[[ Records provided, beginning ]]
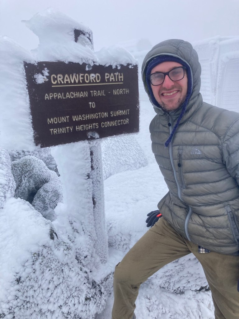 Fittingly, it was also around then that I finally made my true return to the AT. I had managed to squeeze in several more hikes throughout the winter; winter hiking is always a really nice change of pace, and I was glad to do more winter hikes than usual this year after spending so much time on the trail last summer. In mid-March (still very much winter in the Whites!), while Daniel/Scrappy was visiting, we hiked Mts. Jackson and Pierce in the Southern Presidentials on a cold, windy day. It was a real treat to introduce Daniel to the Presi and some of my favorite mountains anywhere. And it was also a treat to retread those miles between the peaks, the first miles I had hiked on the AT since Katahdin. I saw where Nom Nom and I had carefully crossed the deepest mud pit ever – a lot less scary when it was frozen over and covered in snow. I stopped by Mizpah Spring Hut where we had had our most excellent Hut Day 🙂 I even got stunning views from Mt. Pierce this time around! I found a white blaze in the camouflage of the snow :’) It was so special to return to the trail. It was a reminder that my AT journey need not – and did not – end on Katahdin.
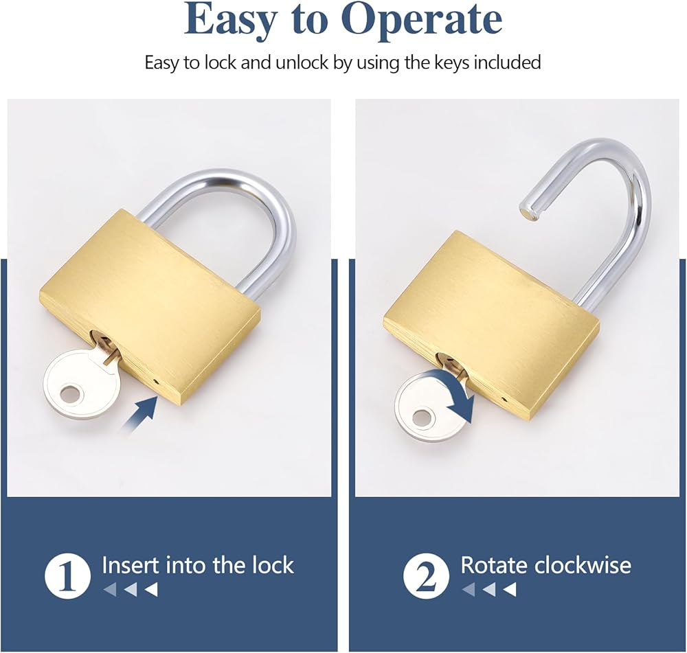 • Package includes: 2 solid brass padlocks with a total of three brass keys. Padlocks are packed by white box, better packaging, receive more intact products.
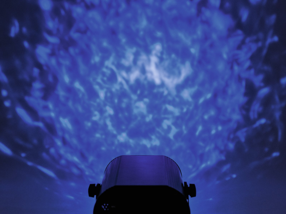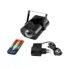 H2O Water Effect jest obsługiwany za pomocą dołączonego pilota, który nie jest większy niż karta kredytowa i mieści się nawet w najmniejszej kieszeni. Możesz dostosować m.in. częstotliwość błysków stroboskopu i prędkość obrotowa zintegrowanego koła efektów.
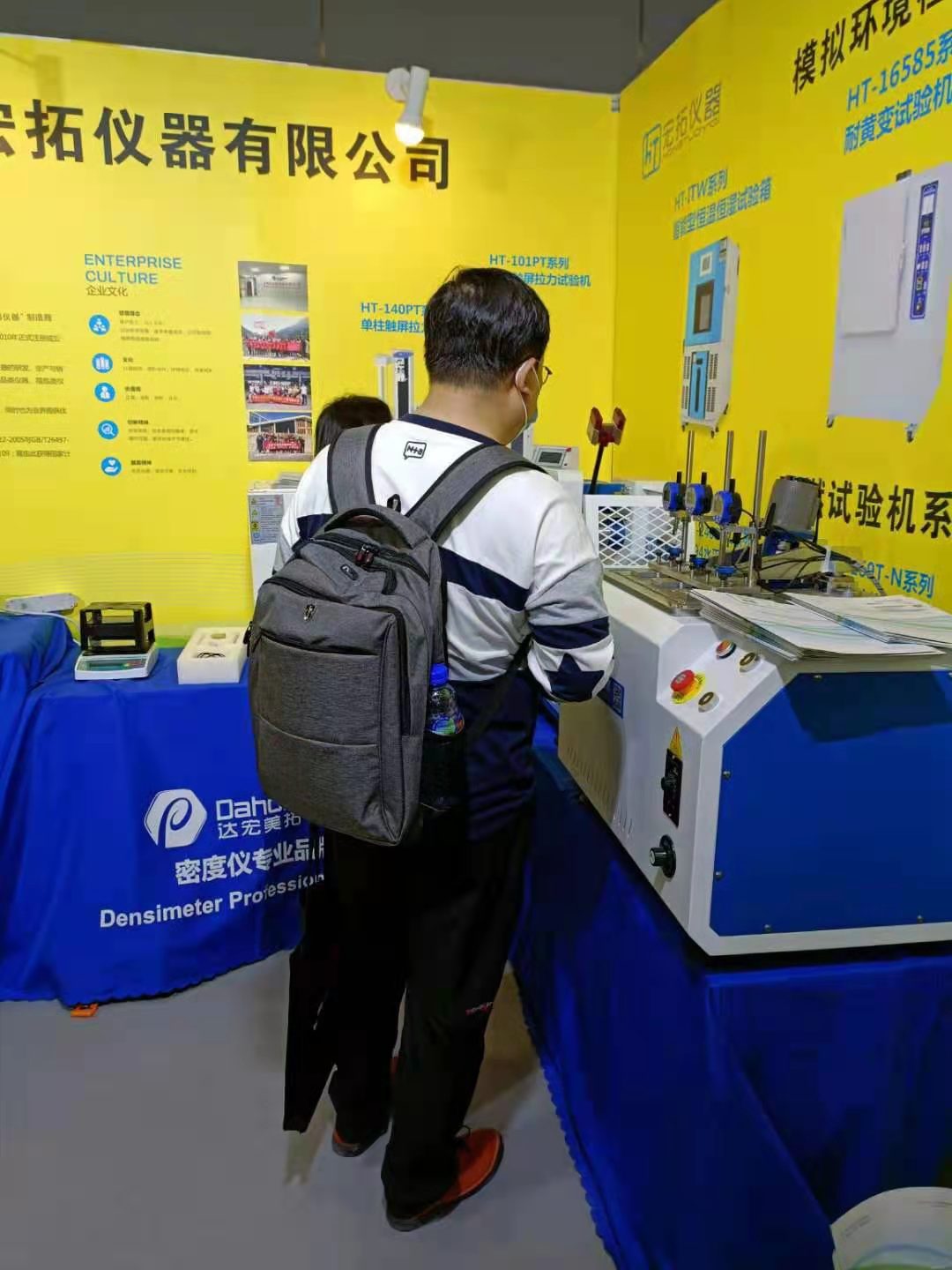 在展會期間,每天都有廣東宏拓儀器科技有限公司的新老客戶都蒞臨現場展位參觀,咨詢和交流,現場的工作人員耐心的向參觀和咨詢的客戶介紹產品的使用流程和工作原理,對客戶提出的測試時遇到的問題和疑惑也進行了一一解答,有的客戶在經過詳細的咨詢和解答后,現場就與宏拓達成了初步購買協議。
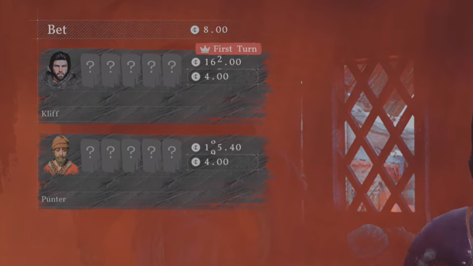 If you are using the manual save strategy to farm Silver at the Beighen gambling den, a Bust hand is an immediate signal to reload your save. There is no reason to continue a round you cannot win.
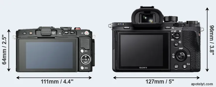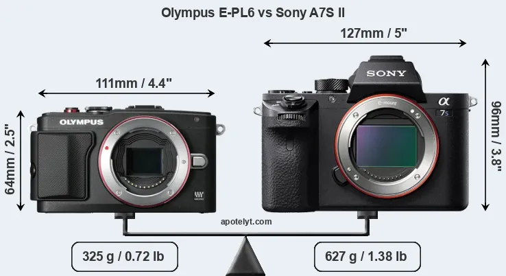 If the front view area (width x height) of the cameras is taken as an aggregate measure of their size, the Sony A7S II is considerably larger (72 percent) than the Olympus E-PL6. Moreover, the A7S II is substantially heavier (93 percent) than the E-PL6. It is noteworthy in this context that the A7S II is splash and dust-proof, while the E-PL6 does not feature any corresponding weather-sealing.
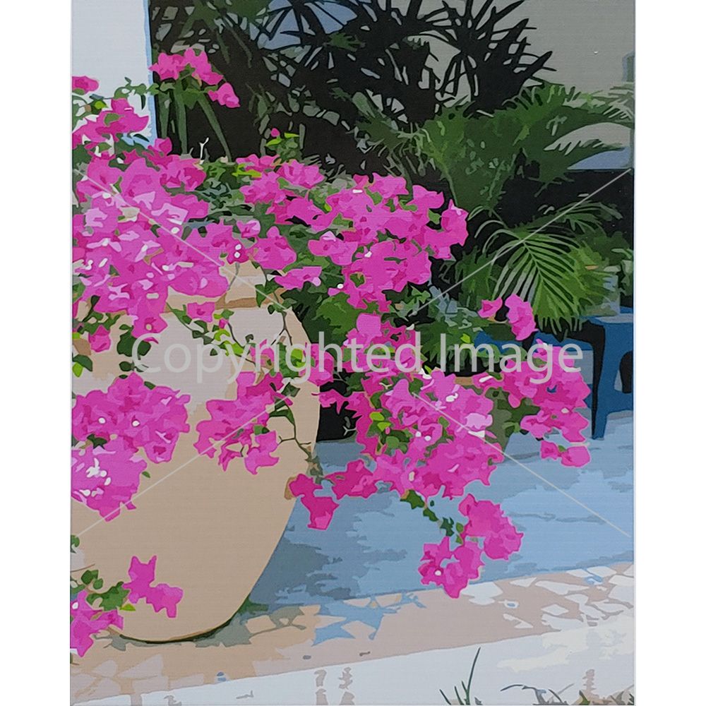 Картина за номерами Strateg ПРЕМІУМ Рожеві квіти на підвіконні з лаком розміром 40х50 см (SY6824)
[[ Records provided, end ]]
Give back exactly the lines from the first line of the data through the line with "more intact products.", pictures excluded.

 Fittingly, it was also around then that I finally made my true return to the AT. I had managed to squeeze in several more hikes throughout the winter; winter hiking is always a really nice change of pace, and I was glad to do more winter hikes than usual this year after spending so much time on the trail last summer. In mid-March (still very much winter in the Whites!), while Daniel/Scrappy was visiting, we hiked Mts. Jackson and Pierce in the Southern Presidentials on a cold, windy day. It was a real treat to introduce Daniel to the Presi and some of my favorite mountains anywhere. And it was also a treat to retread those miles between the peaks, the first miles I had hiked on the AT since Katahdin. I saw where Nom Nom and I had carefully crossed the deepest mud pit ever – a lot less scary when it was frozen over and covered in snow. I stopped by Mizpah Spring Hut where we had had our most excellent Hut Day 🙂 I even got stunning views from Mt. Pierce this time around! I found a white blaze in the camouflage of the snow :’) It was so special to return to the trail. It was a reminder that my AT journey need not – and did not – end on Katahdin.
 • Package includes: 2 solid brass padlocks with a total of three brass keys. Padlocks are packed by white box, better packaging, receive more intact products.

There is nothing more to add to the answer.